只有本地const引用才能延长生命周期。

The standard specifies such behavior in §8.5.3/5, [dcl.init.ref], the section on initializers of reference declarations. The reference in your example is bound to the constructor's argument n, and becomes invalid when the object nis bound to goes out of scope.

该标准在第 8.5.3/5 节 [dcl.init.ref] 中指定了此类行为，该部分关于引用声明的初始化程序。您示例中的引用绑定到构造函数的参数n，并且当对象n绑定到超出范围时将变为无效。

The lifetime extension is not transitive through a function argument. §12.2/5 [class.temporary]:

生命周期扩展不能通过函数参数传递。§12.2/5 [class.temporary]：

The second context is when a reference is bound to a temporary. The temporary to which the reference is bound or the temporary that is the complete object to a subobject of which the temporary is bound persists for the lifetime of the reference except as specified below. A temporary bound to a reference member in a constructor's ctor-initializer (§12.6.2 [class.base.init]) persists until the constructor exits. A temporary bound to a reference parameter in a function call (§5.2.2 [expr.call]) persists until the completion of the full expression containing the call.

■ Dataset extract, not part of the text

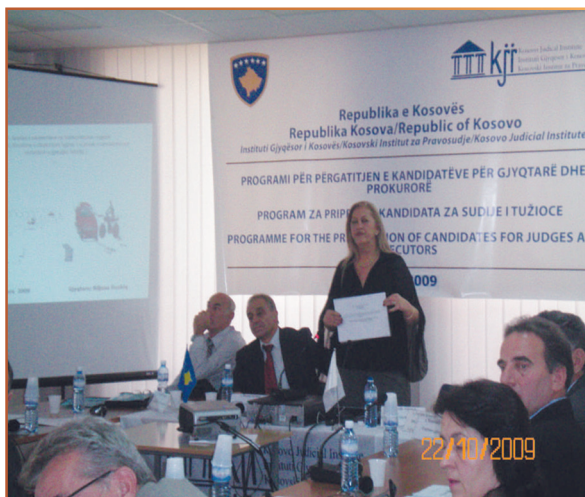
SEMINARET NË IGJK

第二个上下文是引用绑定到临时对象时。引用绑定到的临时对象或作为临时对象绑定到的子对象的完整对象的临时对象在引用的生命周期内持续存在，除非在下面指定。临时绑定到构造函数的 ctor-initializer (§12.6.2 [class.base.init]) 中的引用成员会一直存在，直到构造函数退出。函数调用（第 5.2.2 节 [expr.call]）中引用参数的临时绑定一直存在，直到包含调用的完整表达式完成。

Here's the simplest way to explain what happened:

这是解释发生了什么的最简单方法：

In main() you created a string and passed it into the constructor. This string instance only existed within the constructor. Inside the constructor, you assigned member to point directly to this instance. When when scope left the constructor, the string instance was destroyed, and member then pointed to a string object that no longer existed. Having Sandbox.member point to a reference outside its scope will not hold those external instances in scope.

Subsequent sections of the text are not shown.